Thailand, one of the founding members of ASEAN in 1967, sees the launch of the AEC on 31, December 2015 as a key milestone for ASEAN. We believe it will raise the diplomatic standing of all its members for good reason. Above all, economic integration will bring tangible benefits to more than 600 million people in the region. Intra-ASEAN trade grew 10.5% on average during 1993-2013. ASEAN has also been outward looking. Beyond its own region, ASEAN has established five FTAs with six dialogue partners and is soon to conclude the Regional Comprehensive Economic Partnership (RCEP) with the six dialogue partners. RCEP will be one of the largest FTAs in the world, with the potential to stimulate trade and investment for Asia and improve the livelihoods of half of the world's population. Thailand will actively cooperate with other members to achieve the AEC vision for 2025: an economic community that is highly integrated, competitive, dynamic, people-centered, and engaged at the global level. Team effort by the 10 members will push ahead important work such as trade and investment facilitation and further liberalization of the services sector so as to maintain the AEC as an attractive trade and investment destination for the international community. According to Baker & Mckenzie, it is projected that the AEC will realize its potential as the fourth-largest economy in the world by 2050. The AEC, as part of the ASEAN Community, will engage dialogue partners and stakeholders to ensure that the AEC remains relevant to the millions of people in the Community and beyond.
What are some of the most important provisions in the upgraded ASEAN-China FTA as it pertains to Thailand's economy?

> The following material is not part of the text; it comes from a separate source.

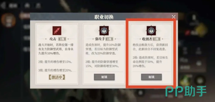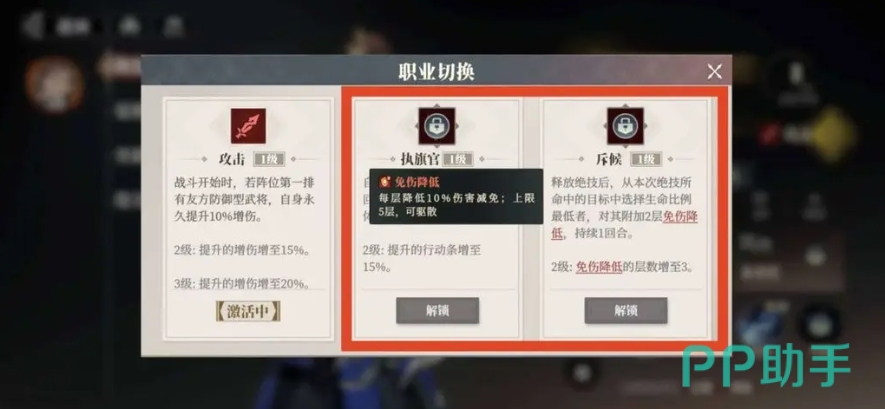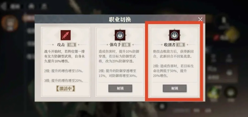而张郃可以转职为斥候,这样则能在关羽之前施放大招,不仅触发了自身的天赋降免伤25%,还能额外获得斥候职业的30%降免伤,两重降免伤叠加,极大地提升了关羽的伤害输出,让关羽的每一次攻击都如致命一击,还有张飞可以转职为战狂,将防御的50%转化为攻击,让他在战场上既能抗又能打,刘备则是转职为将军,通过普攻邀战主C进行额外攻击,不仅提升了队伍的输出能力,还进一步强化了与关羽的连携效果。
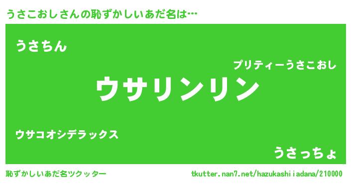 | ヘコむあだ名 | 『うさぷりん』『うさこおし(小並感)』 |

The successful upgrade of the ASEAN-China Free Trade Agreement (ACFTA) on November 21, 2015 will help ensure that our region remains resilient in the face of a slowdown in global economic growth. The ACFTA was signed over 10 years ago and the upgrade was long overdue. As ASEAN's first FTA with a trading partner, ACFTA has helped to propel the establishment of other ASEAN+1 FTAs. The ACFTA upgrade will improve trade and investment opportunities between ASEAN and China through more facilitative customs procedures, more options for rules of origin, increased liberalization of services, increased investment promotion and facilitation, and increased areas for economic and technical cooperation. Thailand's private sector will find the new rules of origin more flexible to use. As a result, more than 2,000 goods from Thailand could gain greater access to China. Such goods include chemicals, leather, wood and wooden products, garments, and steel products. As the service sector is an increasingly important driver of economic growth for the ASEAN Economic Community, ASEAN stands to benefit from greater opportunities arising from the newly liberalized services sector in China, such as tourism and financial services (in the area of securities), construction, and engineering. Thailand will explore business opportunities in the tourism sector as this is an area of strength for Thailand and there is yet more room for people-to-people connectivity between ASEAN and China. Moreover, all parties stand to gain from measures such as investment promotion, industrial complementarity and production networks, information exchanges, and one-stop investment centers. Thailand hopes that the ACFTA upgrade will boost trade and investment between ASEAN and China and help to achieve the targets set by leaders for $1 trillion in trade by 2020 and $150 billion in investment by 2021.
Thailand has been commended for exploring business opportunities and securing free trade agreements (FTA) with new partners from across the world, including Pakistan, Russia, Turkey, and Iran. How important is it for Thailand to build diplomatic and economic ties with less traditional partners?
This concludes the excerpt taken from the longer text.